= John B. Whyte =

American businessman (1928–2004)

John Burlingame Whyte (May 22, 1928 – March 22, 2004) was an American model and real estate entrepreneur who developed Fire Island Pines, New York.

==Biography==
Whyte was born in Milwaukee, Wisconsin and attended Washington University in St. Louis for two years before moving to New York City.

In the 1960s, Whyte bought the rebuilt Botel Pines and Dunes Yacht Club in Fire Island Pines. He bought the property after a May 31, 1959, fire destroyed the entire complex. Whyte encouraged the community's reputation as a gay destination. In 1967, artist Joseph Glasco spent the early part of the summer on Fire Island with Whyte. Whyte later became a collector of Glasco’s paintings.
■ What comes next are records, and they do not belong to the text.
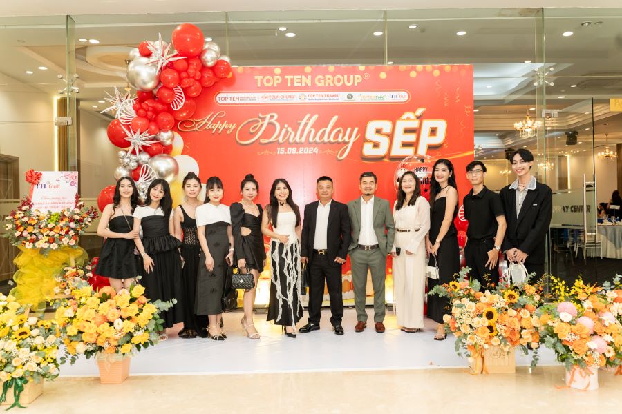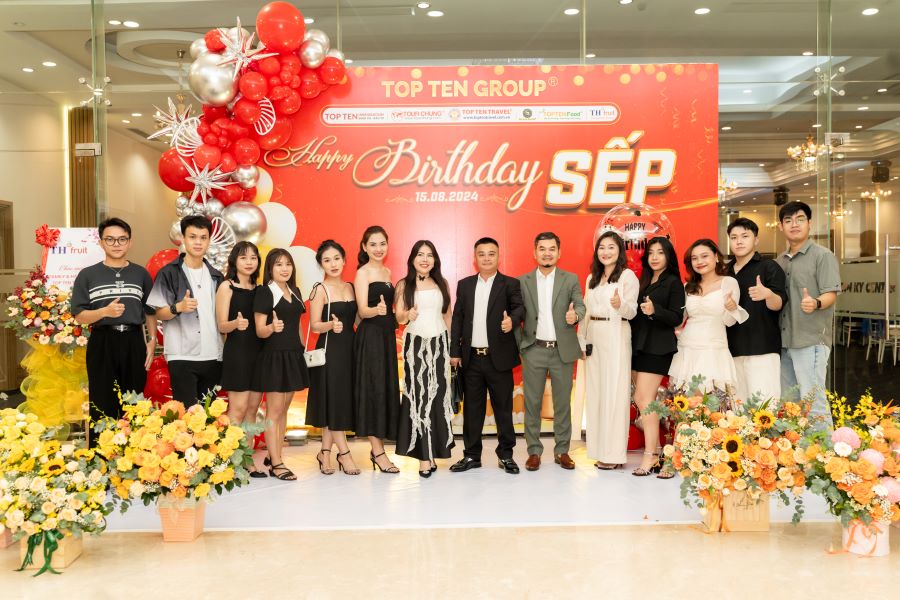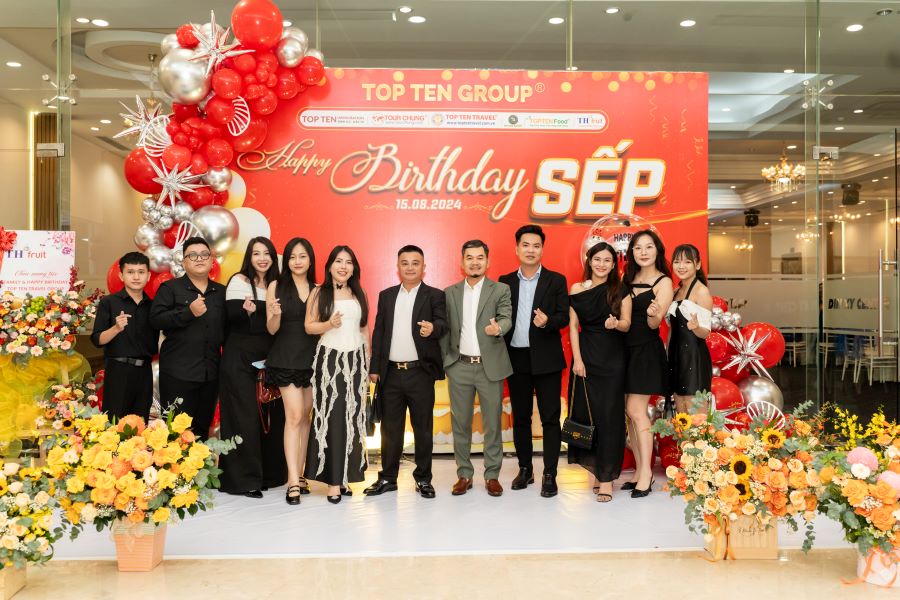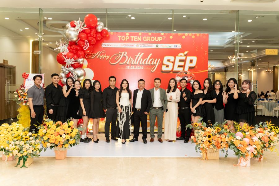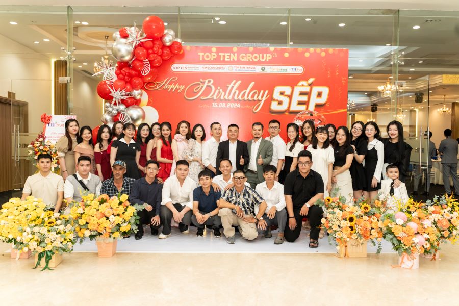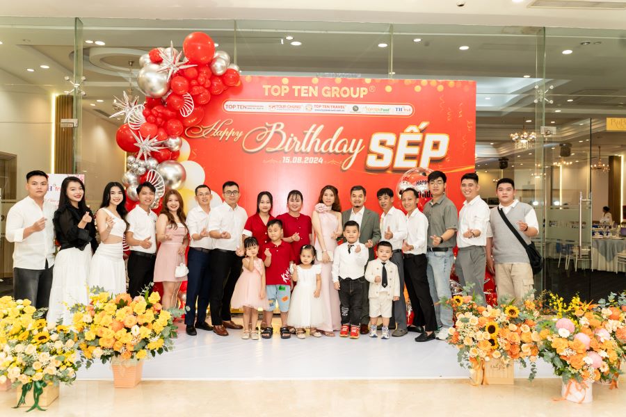 Vào tối ngày 15/8 buổi tiệc “FAMILY DAY & HAPPY BIRTHDAY SẾP” của tập thể Top Ten Group đã diễn ra tại Nhà Hàng Dìn Ký với sự góp mặt của Ban Lãnh Đạo Cấp Cao cùng toàn thể 300 nhân viên Công Ty. Đây là một hoạt động thường niên diễn ra hàng năm, “FAMILY DAY & HAPPY BIRTHDAY SẾP” không chỉ đơn thuần là buổi tiệc mừng sinh nhật Sếp và các Bạn sinh nhật tháng 8 mà ý nghĩa của buổi tiệc lại càng được nhân lên gấp bội khi mỗi thành viên trong công ty có cơ hội được gắn kết, chia sẻ và tạo dựng những kỷ niệm đẹp với nhau.
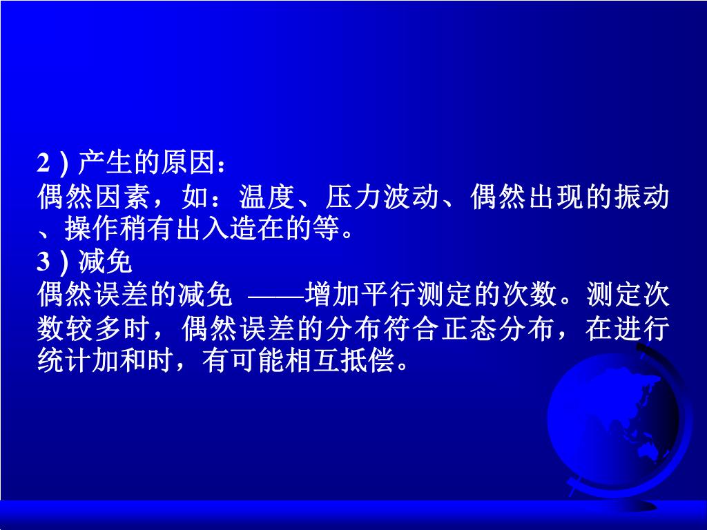 2)产生的原因: 偶然因素,如:温度、压力波动、偶然出现的振动、操作稍有出入造在的等。 3)减免 偶然误差的减免——增加平行测定的次数。测定次数较多时,偶然误差的分布符合正态分布,在进行统计加和时,有可能相互抵偿。
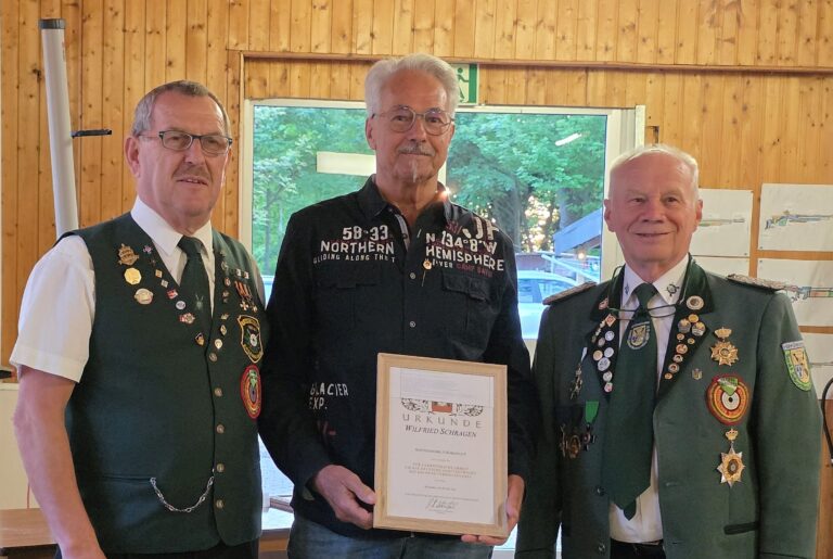Ein besonderer Höhepunkt lag auf der Ehrung von Wilfried Schragen, der auf eine 50-jährige Tätigkeit als Bezirksreferent für Armbrust zurückblickt. Ebenso begleitet er Ämter im Schützenkreis 116 Rhein-Ahr und in seinem Verein, dem GSSV Bölingen. Seit 2008 ist er Mitarbeiter des RSB und für die Durchführung der Landesmeisterschaft Feldarmbrust verantwortlich. Wilfried Schragen ist selbst erfolgreicher Sportschütze auf Landes- und Deutschen Meisterschaften mit vielen Medaillentiteln.

The Botel, which was known as The Hotel Ciel from 2004 - 2012, is still the central landmark and only hotel in the Pines.

He co-founded The Pines Conservation Society in 1970. In 1984, he founded From the Pines With Love which recruited celebrities to perform at fundraisers for AIDS research. In 2002, the Fire Island Pines Community House was named Whyte Hall. Shortly before his death in 2004, Whyte sold his Fire Island Pines properties. Funded largely by his estate, a completely reconstructed Whyte Hall was completed during 2007.

Whyte died on March 22, 2004, at the age of 75.